Good Tuesday AM,
One step forward and one and a half back. I don’t know if there is any other way to describe it. There has never in history been a bond sell off like this one. The decline is mind blowing and we cannot predict when it stabilizes. We have all become so dependent on the Fed coming to the rescue and doing all they can to keep the bubble inflated. The problem is that the FED has moved from hero to villain and the only thing that can save us is inflation stopping. This will happen, it always has. When it does happen, we likely will be in a recession and only then will see a meaningful correction in bonds. We will see lots of small bounces, but I cannot imagine seeing a major correction until we get a strong reading that inflation has moderated.
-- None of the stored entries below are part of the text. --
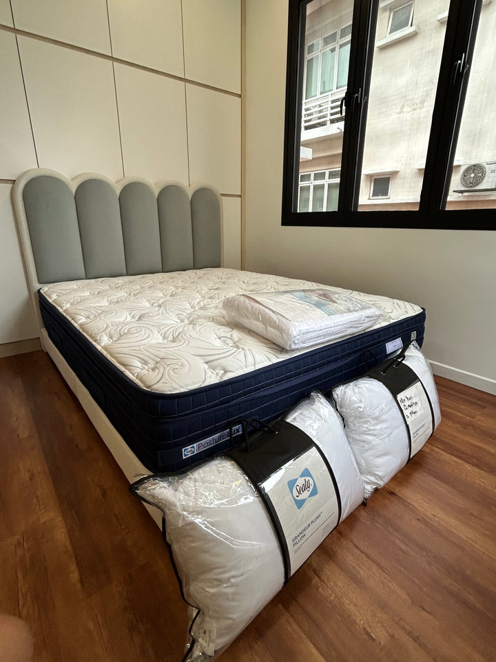 The Lollipop Bed Frame is a playful yet sophisticated design that brings a unique charm to any bedroom. Featuring a dual-tone wavy headboard, it creates a striking visual contrast while maintaining a soft, inviting appeal. The gentle curves of the headboard add a touch of elegance, making it a perfect statement piece for those who love modern aesthetics with a fun twist.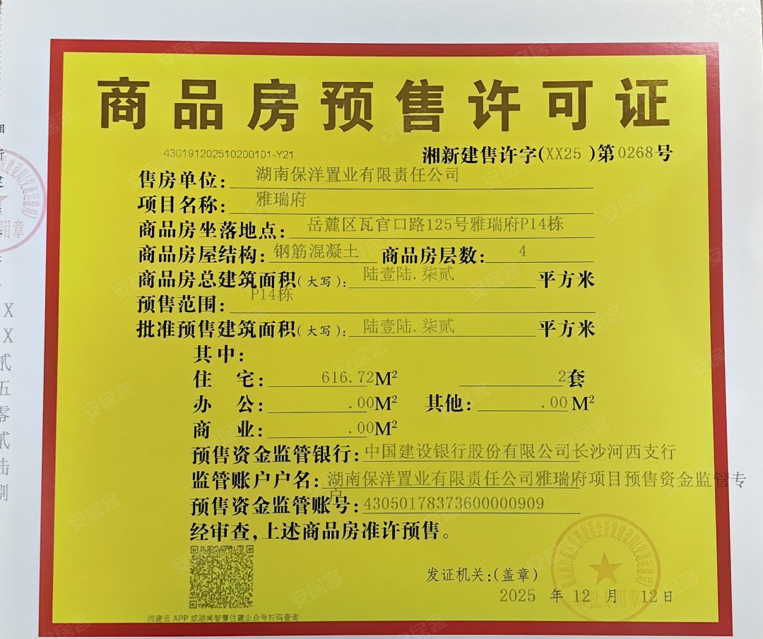 - 湘新建售许字(XX25)第0268号 详情发证时间 2025-12-12绑定楼栋P14#证件照片
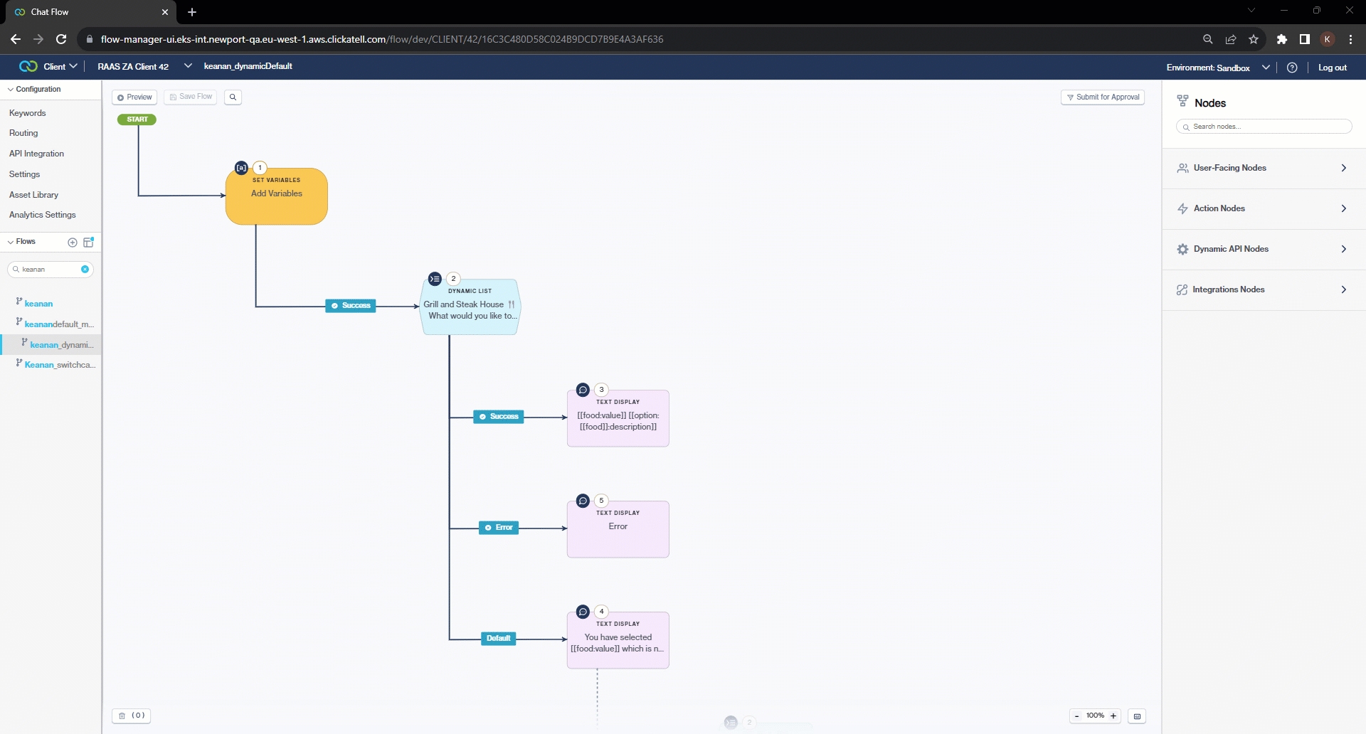 If the customer enters an invalid option (i.e., an option that is not on the list), you can configure a "default" node or flow to follow automatically. The default flow is optional, and if not set up, the node will simply repeat itself if an invalid option is entered.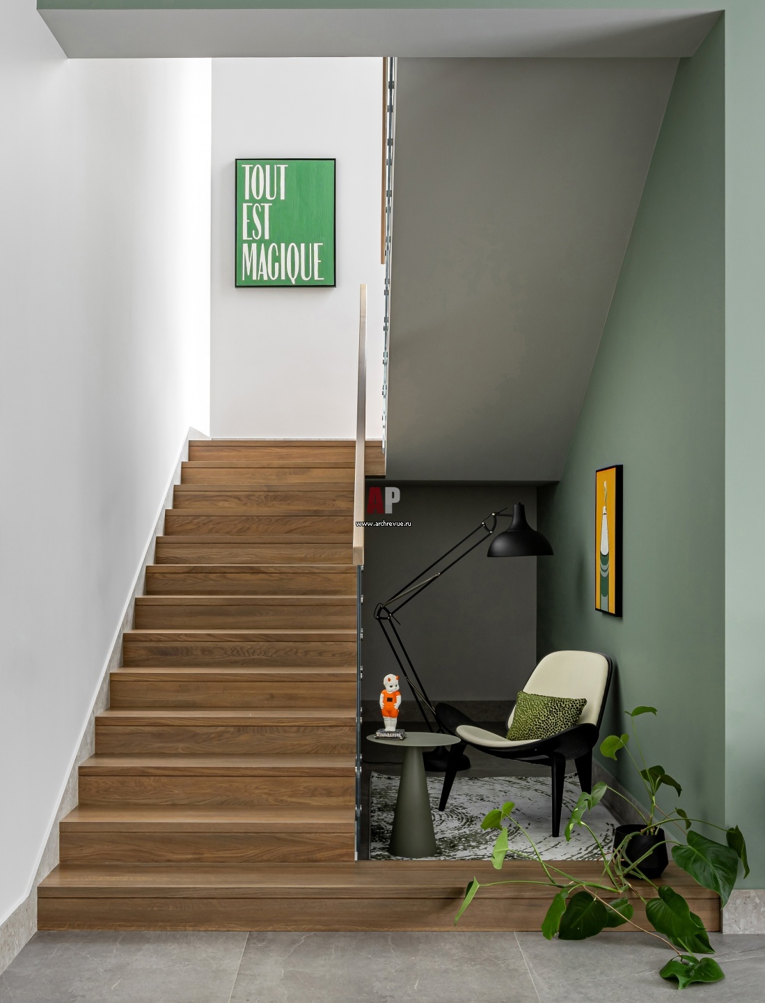 Лестница на второй этаж интегрирована в общую гостиную первого этажа. Ступени и перила из светлого дерева, ограждение стеклянное. Под лестницей организована небольшая зона для чтения с необычной курительницей для благовоний.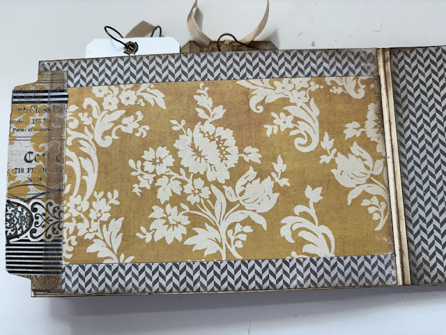 I am in love with this one. I used eleven of the previous elements we made, plus the folio itself, for today's project. Cover includes one of the photos we distressed on Day 13.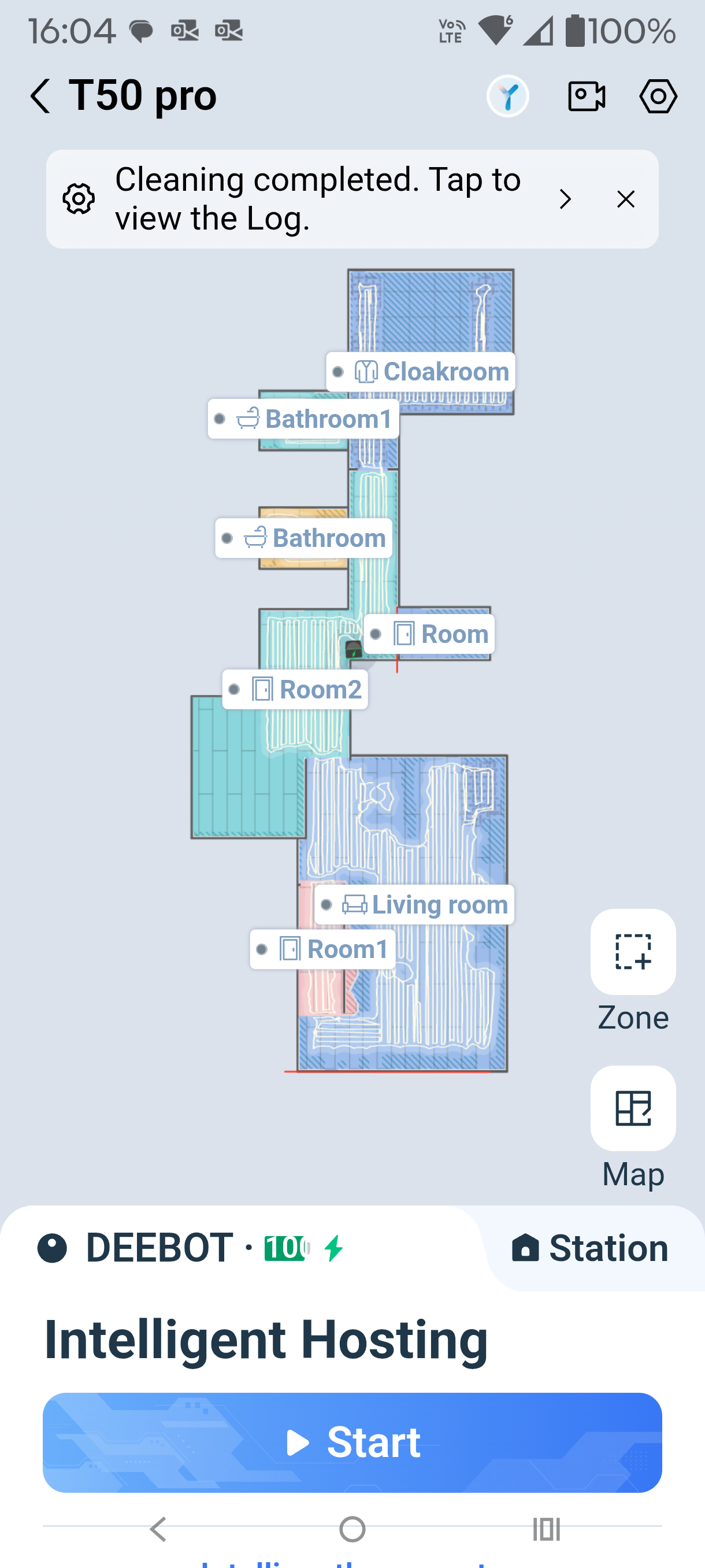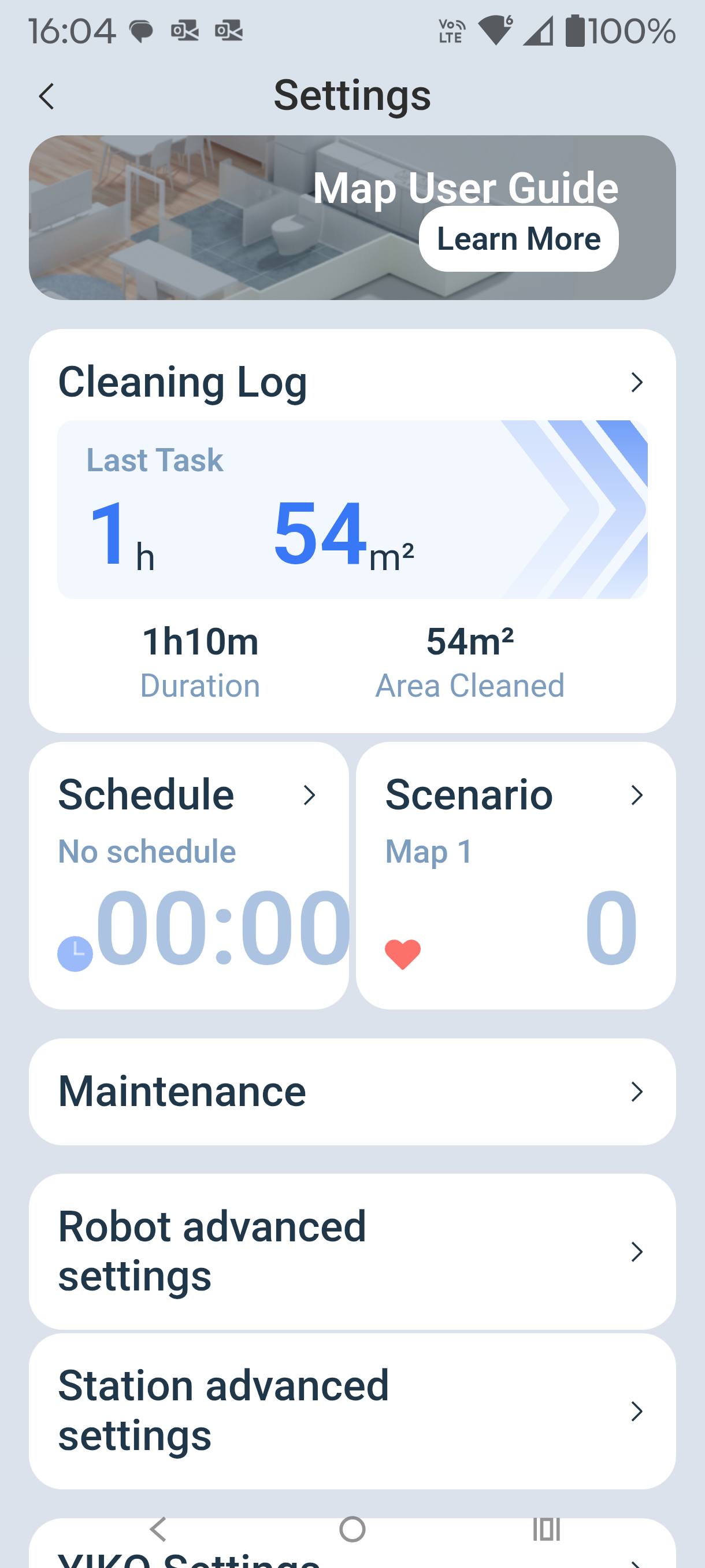 On the default Intelligent settings, it takes about 68 minutes to cover 50m2 or 1.3m2 per minute. That is not as fast as some, but it is well within limits. You can also select Quick, Standard and Deep and one of two passes (non-AI mode).

Mortgage bonds are thankfully outperforming Treasuries for now, but that will not last. Yesterday and today we have started in a hole and have dug ourselves out but that can’t continue. There will be an overwhelming amount of selling or buying. One side or the other. We can only hope for buying but that has not happened in the last 6 weeks. Hang in there and stay locked until we see a bounce.
This was an interesting perspective from the WSJ today. The Fed is full of great minds but this soft landing they are aiming for sounds more like media fluff than policy. The Janet Yellen comment is on point. I don’t think hope or luck are effective/appropriate strategies for the US economy.
The Federal Reserve is setting out to do something it has never accomplished before: reduce inflation a lot without significantly raising unemployment. Central bank officials think it is possible with calibrated interest-rate increases that slow booming demand just enough to take steam out of an overheated economy. But even one of the Fed’s closest allies, U.S. Treasury Secretary Janet Yellen, sees the risk of failure. “It will require skill and also good luck,” the former Fed chair said in public comments in Washington last week. During the past 80 years, the Fed has never lowered inflation as much as it is setting out to do now—by 4 percentage points—without causing recession.
If the Fed is to land the plane safely, the labor market will be key. Typically during a recession joblessness rises sharply. At 3.6% the unemployment rate is now exceptionally low and demand for workers is so intense that companies have listed millions of unfilled job openings. Fed officials say they can curb that demand, causing employers to eliminate vacancies without laying off existing workers, and tamp down inflation without a recession—what economists would refer to as a “soft landing.”
St. Louis Fed President James Bullard cast doubt on need for a rate increase larger than 50 basis points.
Please remain safe and healthy, make today great.